Sudut PandangWarta Utama

Sejarah Singkat Pertimahan Di Bangka Belitung Serta Paradoksnya Angka 30% di “Kue” Bagi Hasil

Jakarta — Aktivitas penambangan timah di Indonesia telah berlangsung lebih dari 200 tahun, dengan jumlah cadangan yang cukup besar. Cadangan timah ini, tersebar dalam bentangan wilayah sejauh lebih dari 800 kilometer, yang disebut The Indonesian Tin Belt. Bentangan ini merupakan bagian dari The Southeast Asia Tin Belt, membujur sejauh kurang lebih 3.000 km dari daratan Asia ke arah Thailand, Semenanjung Malaysia hingga Indonesia. 

Di Indonesia sendiri, wilayah cadangan timah mencakup Pulau Karimun, Kundur, Singkep, dan sebagian di daratan Sumatera (Bangkinang) di utara terus ke arah selatan yaitu Pulau Bangka, Belitung, dan Karimata hingga ke daerah sebelah barat Kalimantan. 

Penambangan di Bangka, misalnya, telah dimulai pada tahun 1711, di Singkep pada tahun 1812, dan di Belitung sejak 1852. Namun, aktivitas penambangan timah lebih banyak dilakukan di Pulau Bangka, Belitung, dan Singkep (PT Timah, 2006). Kegiatan penambangan timah di pulau-pulau ini telah berlangsung sejak zaman kolonial Belanda hingga sekarang. Dari sejumlah pulau penghasil timah itu, Pulau Bangka merupakan pulau penghasil timah terbesar di Indonesia. Pulau Bangka yang luasnya mencapai 1.294.050 ha, seluas 27,56 persen daratan pulaunya merupakan area Kuasa Penambangan (KP) timah. Area penambangan terbesar di pulau ini dikuasai oleh PT Tambang Timah, yang merupakan anak perusahaan PT Timah Tbk. Mereka menguasai area KP seluas 321.577 ha. 
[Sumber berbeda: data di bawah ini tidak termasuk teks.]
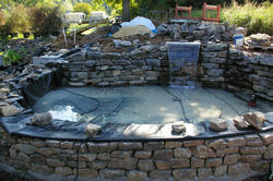 Start of raised pond with patio and bench Just finished the prep work for the project. Another picture after completing the prep work. A picture of current progress

Sedangkan PT Kobatin, sebuah perusahaan kongsi yang sebanyak 25 persen sahamnya dikuasai PT Timah dan 75 persen lainnya milik Malaysia Smelting Corporation, menguasai area KP seluas 35.063 ha (Bappeda Bangka, 2000). Selain itu terdapat sejumlah smelter swasta lain dan para penambang tradisional yang sering disebut tambang inkonvensional ( TI ) yang menambang tersebar di darat dan laut Babel. Permasalahan 

Penambangan timah yang telah berlangsung ratusan tahun itu belum mampu melahirkan kesejahteraan bagi rakyat. Padahal, cadangan timah yang ada kian menipis pula.

Tak heran, jika kemudian pertambangan timah di Bangka Belitung membawa dampak sosial berupa masalah kemiskinan dan kecemburuan sosial di sekitar wilayah pertambangan. Hal krusial yang memantik masalah itu muncul karena potensi timah yang berlimpah itu belum diatur secara optimal. 

Sehingga pendapatan berlimpah dari aktivitas penambangan pada akhirnya belum mampu mendukung bagi terwujudnya kemakmuran rakyatnya. Salah satu penyebabnya adalah terjadinya penyelundupan timah yang dilakukan melalui aktivitas penambangan illegal. 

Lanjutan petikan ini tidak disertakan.